Did you know, that since the end of the Cold War, a majority of the violent conflicts worldwide have been civil wars? You may have heard of the bloodshed in Bosnia, Rwanda, and Yemen. This violence is often fueled by ethnic nationalism–the idea that a nation-state should be associated with a chosen racial or cultural group–and tragically followed by genocide. How can we prevent future catastrophes such as these from occurring?
Like in many countries around the world, the people of China have also experienced violence and genocide associated with some of their minority peoples, such as Tibetans and Uyghurs.
While most Uyghurs are not mobilized for a violent independence movement, China fears it. Besides, their homeland has seen its share of violence in recent years. For example, ethnic tensions in the Uyghur autonomous region bubbled to the surface during a deadly riot in July 2009 and several car bombings and knife attacks by Uyghurs in China from 2013-2015.
Since then, the Chinese state has systematically detained approximately one million Uyghurs, both men and women, young and old.
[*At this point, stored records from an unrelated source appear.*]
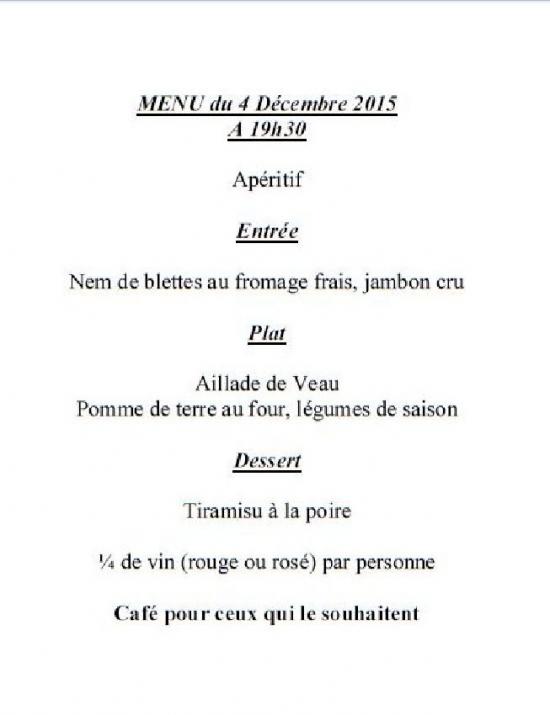 Et le menu proposé :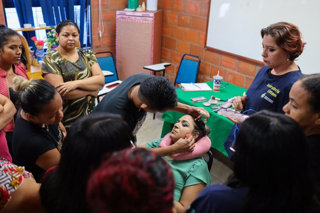 Manaus (AM) – Moradores do Parque Residencial Mestre Chico II, no bairro Cachoeirinha, zona sul de Manaus, contemplados pelo Programa Social e Ambiental de Manaus e Interior (Prosamin+), estão aprendendo os segredos e as técnicas de maquiagem profissional.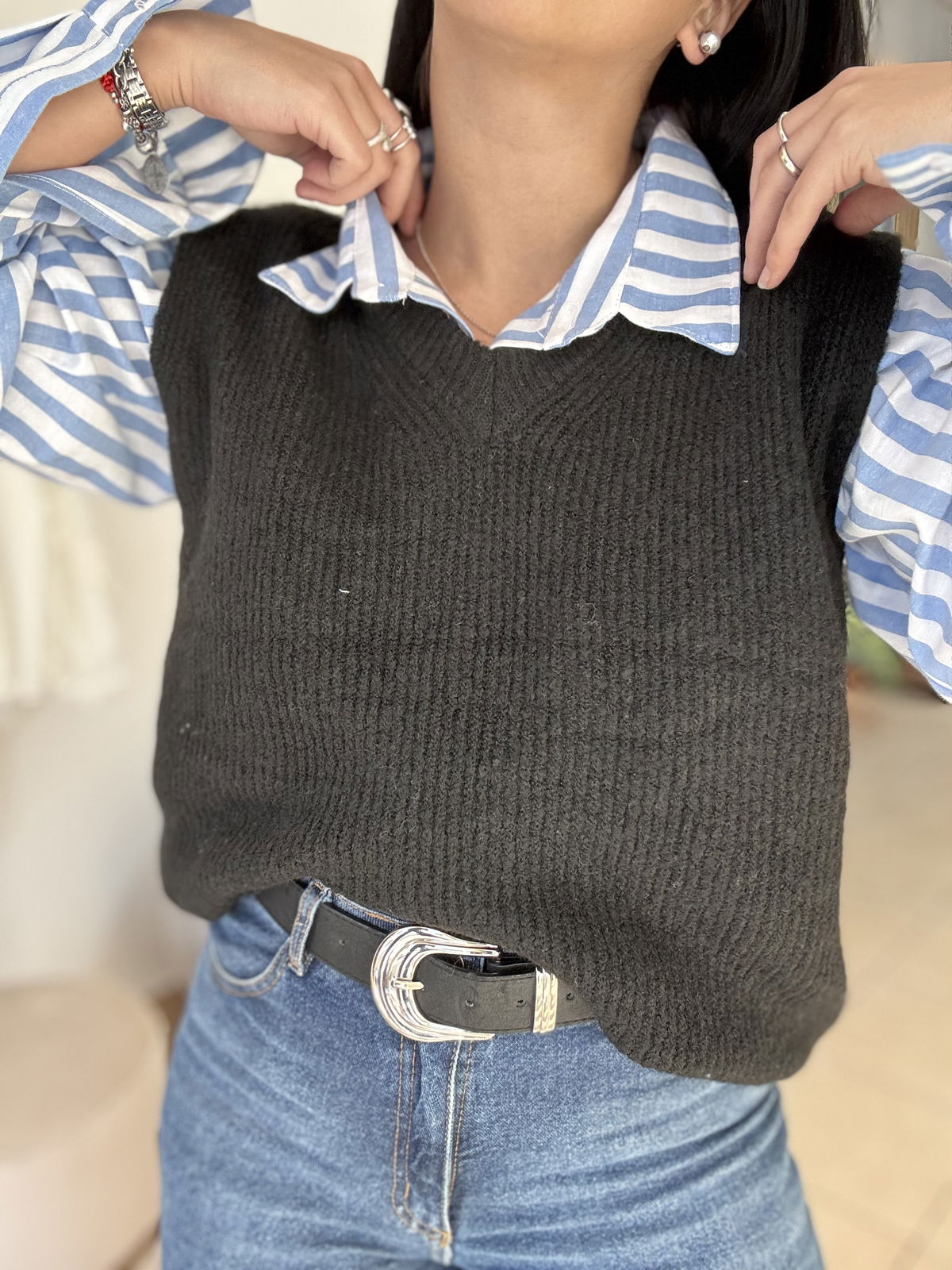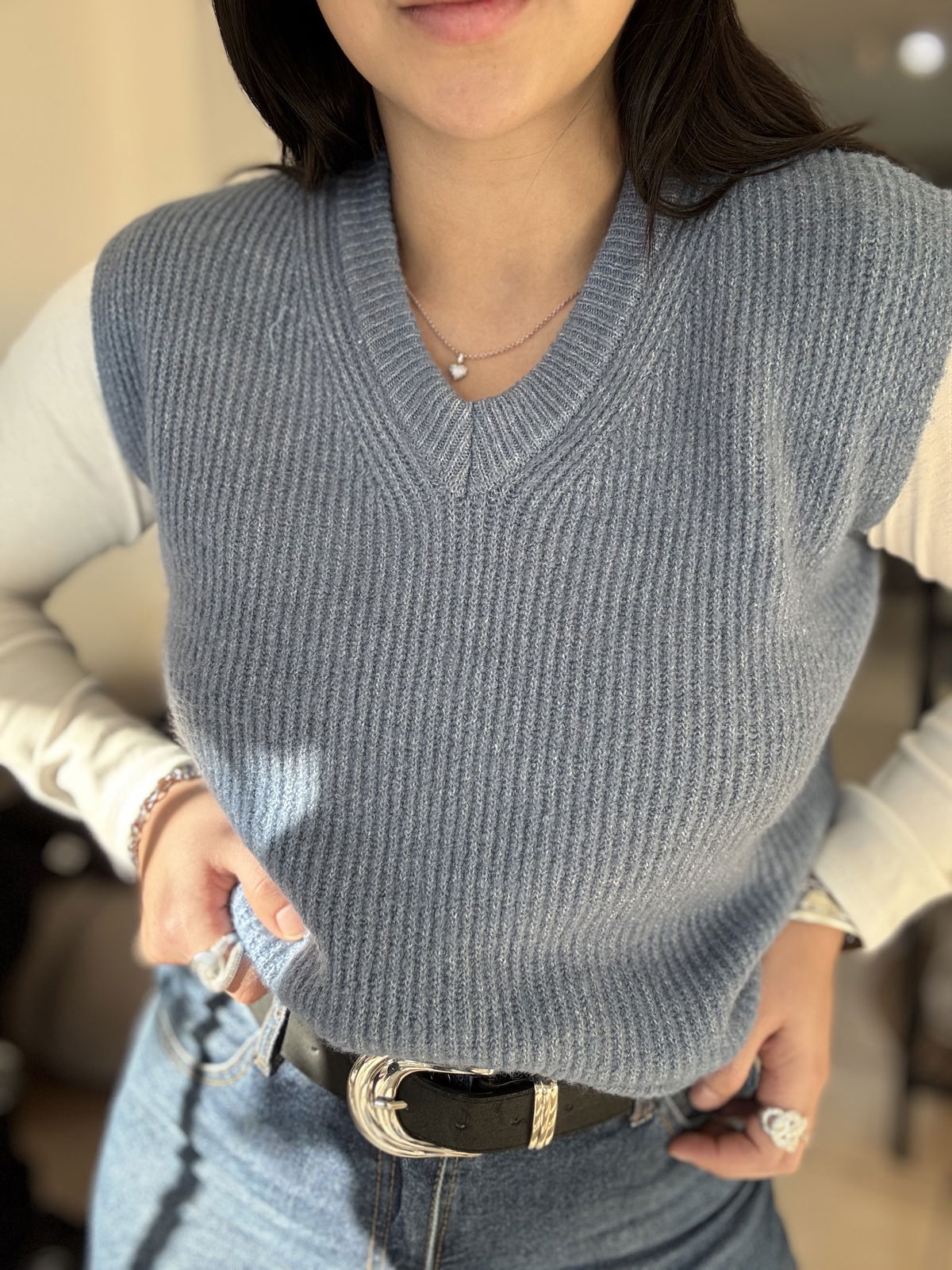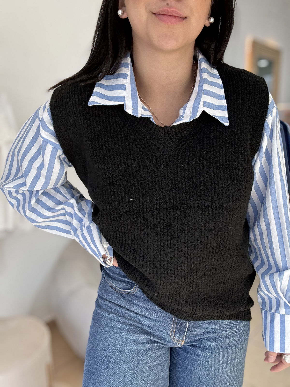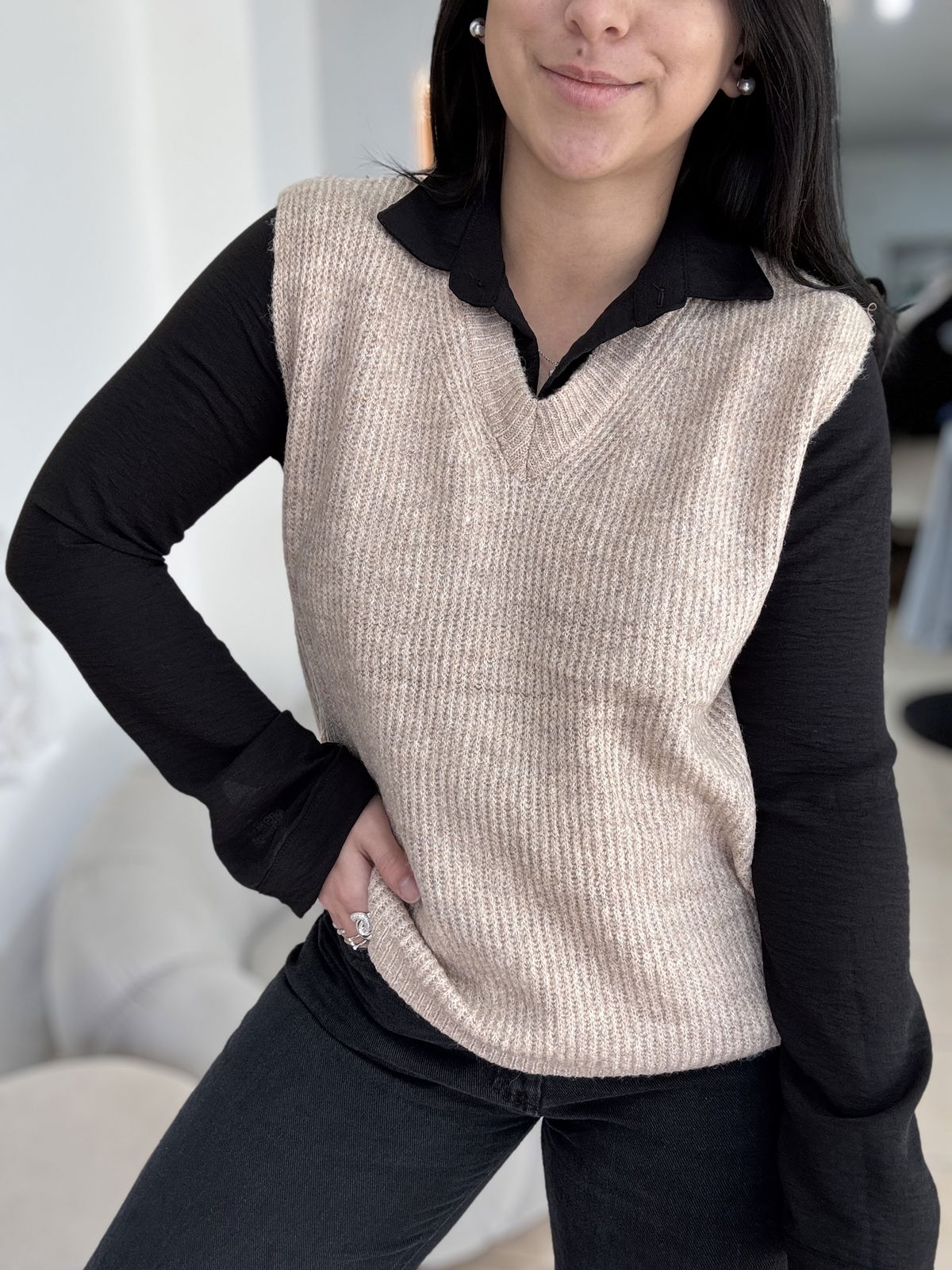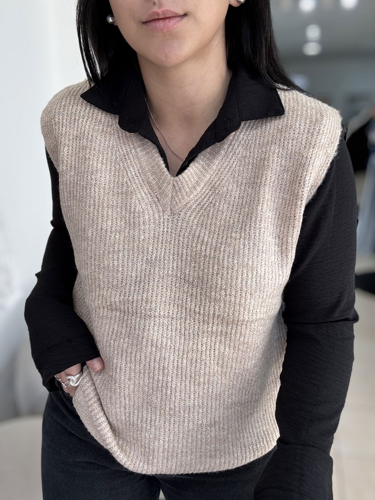 Chaleco de lana mohair, cuello v. Es súper suave, calentito y un básico que usamos atemporal, con básicas y camisas!

In some ways, this is not a unique case: Policing, incarceration, and genocide have historically been used as modes of control in territorially contested regions. Such modes–surveillance and incarceration of a minority–are some of the more visible forms of state power. Indeed, learning about China’s camps can help us better interrogate illiberal governance, prompting us to ask questions such as: How far will a country’s leaders go to disregard the humanity of its own citizens in order to maintain power and control?
However, the recent focus in the media on visible aspects of state power, such as camps, police, and prisons, overlook the invisible and nefarious aspects of the everyday and inherent violence of the nation-state itself. I use long-term ethnographic fieldwork in Xinjiang to study some of the more invisible and dangerous aspects of state political power.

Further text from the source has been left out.